Re: newbie: MUL product
- From: Frank Kotler <fbkotler@xxxxxxxxxxx>
- Date: Fri, 30 Mar 2007 09:25:59 GMT
Brian wrote:
....
There really are different opcodes for "imul eax, ebx, -9"...
00000000 69C3F7FFFFFF imul eax,ebx,dword 0xfffffff7
00000006 6BC3F7 imul eax,ebx,byte -0x9
... but I don't think that's what Herbert was getting at. These both do a signed multiply - it's just a different way to write "-9". I don't know *what* Herbert was getting at! I can't figure out how to write a lowercase "3" to try it! :)
Okay, Herbert was joking about the "case" part. But I think he was making a point about why his syntax is "better" than Intel's...
imul ebx
will multiply eax by ebx, and store the result in edx:eax - just like "mul ebx", except signed - and in this case it *does* make a difference. "mul", and "imul" in its one-operand form, can use an 8-bit register as it's operand. The two- and three-operand forms of "imul" use 16- or 32-bit registers only.
imul eax, ebx
Multiplies eax by eax and stores the result in eax.
imul eax, ebx, -9
Multiplies -9 (0xFFFFFFF7) by ebx and stores the result in eax. There's a "dword" form and a "signed byte" form to this one. They differ only in the way the immediate operand is *stored" - 0xFFFFFFF7 or just 0xF7. In the latter case, the byte is sign extended to 32 bits before the multiply is performed. (the "signed byte" forms of instructions don't have any zero-extended eqivalents)
When I wrote "They both do a signed multiply", I was thinking "but it doesn't make any difference". Herbert made this point clear.
I won't bore you with opcodes - there are a bunch of them. Herbert's syntax includes more information in the "opcode name", so once we've learned his notation(!), we can see more of what the opcode will be without looking at the operands. This is where the information "logically belongs", one might argue...

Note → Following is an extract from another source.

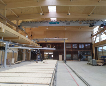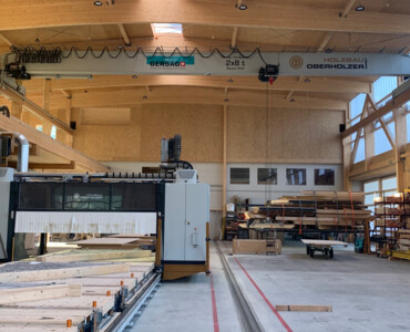 Für die Oberholzer GmbH in Eschenbach realisierte Gersag Krantechnik AG eine hocheffiziente Lösung für die innerbetriebliche Logistik. Die ganzen Anlagen sind verteilt auf drei Ebenen. Die Kranlösungen unterstützen standardisierte Abläufe rund um die Produktionsstrasse und den Elementbauroboter. Dabei wird höchste Flexibilität im Holzsystembau ermöglicht. Auf der oberen Ebene sorgt ein Einträgerbrückenkran mit zwei Katzen für den Hallentransport. In der mittleren Ebene kommt ein Halbportalkran mit Einblasplatte zum Einsatz, der die Holzbauelemente mit Dämmmaterial befüllt. Die untere Ebene wird durch Schlauchheber an Säulenschwenkkranen ergänzt, die punktuelle Platzierungen auf der Fertigungslinie erlauben. Dank dieser durchdachten Krantechnik kann die Oberholzer GmbH ihre Sortimentsbreite effizient abdecken – ein klarer Wettbewerbsvorteil!

Intel syntax wants to give us fewer mnemonics to learn. We just say "imul" in every case, and let the assembler figure out which opcode from the operands. If *we* care which opcode, *we* need to figure it out from the operands, too. In some cases ("inc [esi]"), we need to tell the assembler "inc byte [esi]" or "inc word [esi]" or "inc dword [esi]". Herbert's "inc.b", "inc.w", and "inc.l" put the information "where it belongs". In the case of "muls.l" and "mulu.l"... since they generate the same opcode... logic fails me... :)
Thanks Frank. I saw that you commented on the same post in CLAX
(sorry for the cross-post).
Not a problem. In general, if you wanted to ask the same question in multiple newsgroups, you'd "cross-post" - put all the newsgroups in the "To:" field. This way, readers in all newsgroups can see all replies, and won't be bothered duplicating something you've already been told in another newsgroup.

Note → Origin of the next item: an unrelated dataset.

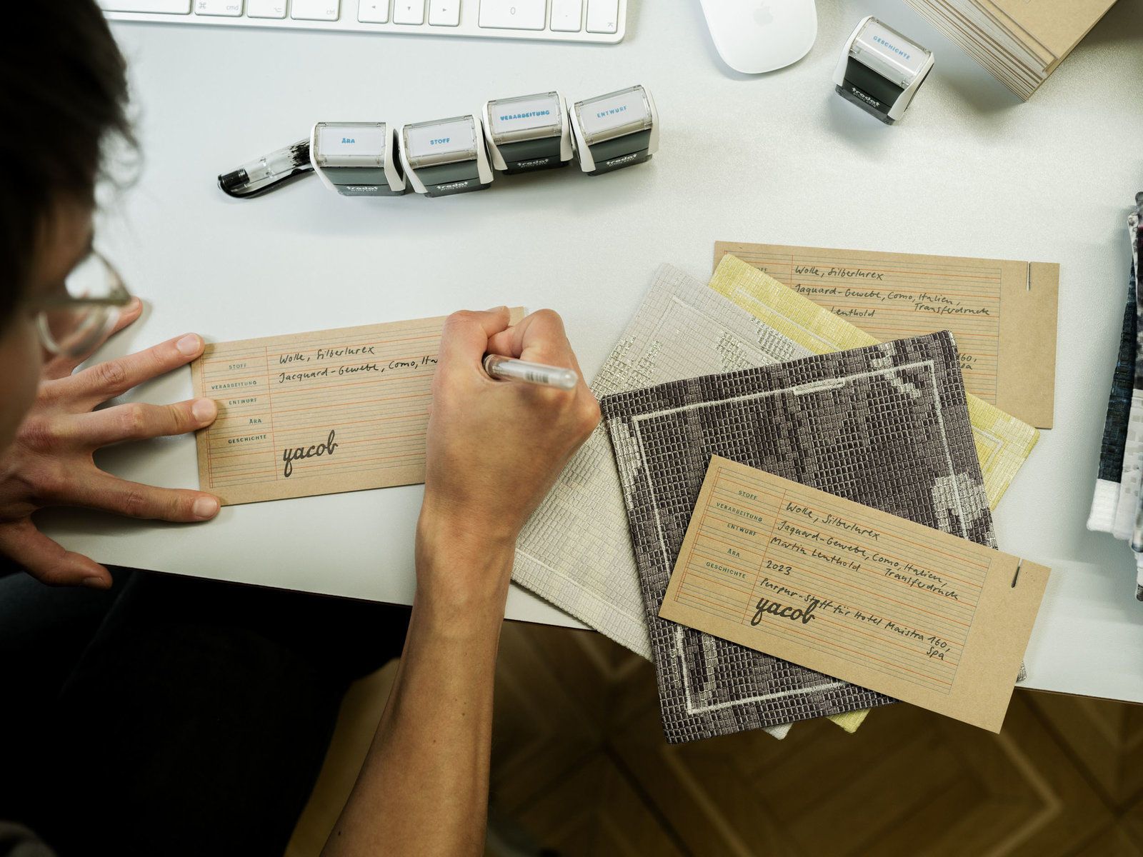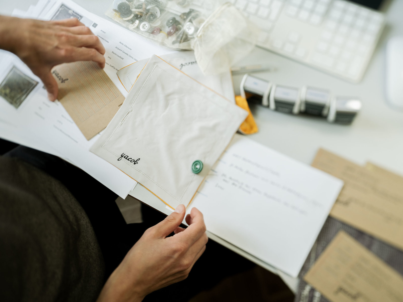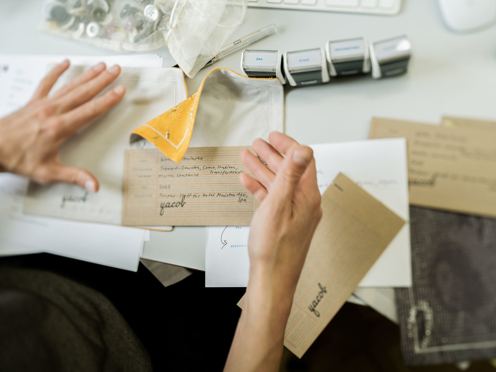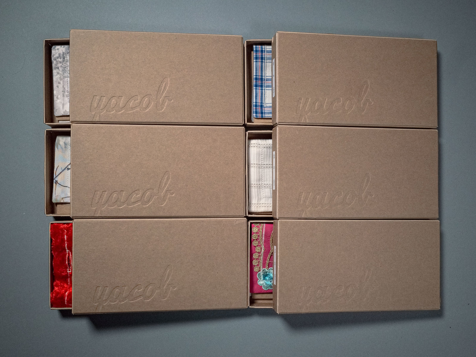 Platzhirsch OptikAlltag-Gründer und Mitinhaber Marcus Gossolt kuratiert exklusiv für das St.Galler Brillengeschäft Platzhirsch Optik das Brillenputztuchlabel YACOB. Alle Putztücher sind Unikate und werden aus ausgesuchten wiederverwerteten Stoffen mit Textilgeschichte gefertigt. Genäht werden die Tücher in St.Gallen von der preisgekrönten Couture-Schneiderin Karin Bischoff und ihrem Die Manufaktur-Team. Auf der einen Seite das Stück Textil mit Geschichte, auf der anderen Seite feinste Mikrofaser für die Reinigung von Brillengläsern. Ein Knopfloch erlaubt ein ausgeklügeltes Falt- und Wickelsystem, welches sowohl die reinigende Seite des Tuches in der Hosentasche schützt als auch das gut geschützte Einrollen einer Brille ermöglicht.

In the case of a.l.a. and c.l.a.x. however, readers of c.l.a.x. don't *want* to read some of the replies that will (probably) appear in a.l.a.! That's why c.l.a.x. was *created* - by *vote* - from c.l.a. as a moderated group! In this case it's better to "multi-post" - different messages to different newsgroups, as you've done.

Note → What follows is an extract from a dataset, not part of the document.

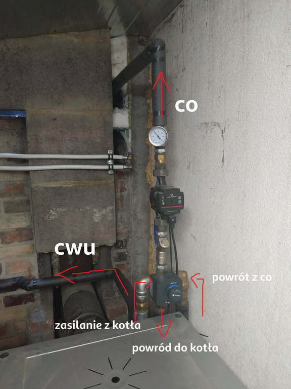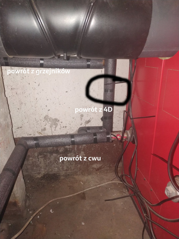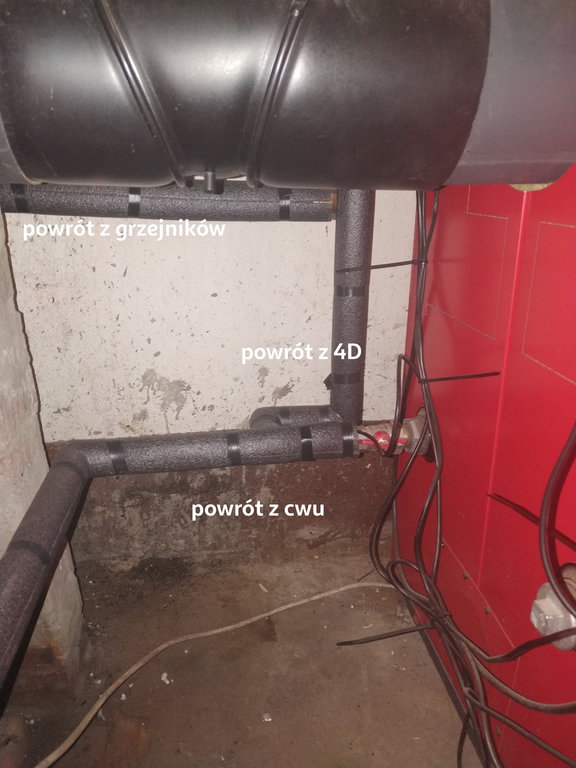 Temperatura powrotu zwiększa się jedynie podczas pracy pompy CWU, wtedy rośnie do 60 stopni, ale jak dogrzeje wodę użytkową to powrót spada na 33 stopnie.

There's another issue with "cross-posting" to a.l.a. and c.l.a.x. - the appearance of the post in a.l.a. is delayed (as is expected in the moderated group), and sometimes the "From:" field is "de-spammed" even in the a.l.a. post. I don't know why this happens - seems like a "bug" to me. The "workaround" is separate messages... as you've done.
Here's your comment about Endian order:
----------------------------------------------begin Frank-------
If you're storing it in memory, don't forget little-endian!
mov [result], ax ; al at [result], ah at [result + 1]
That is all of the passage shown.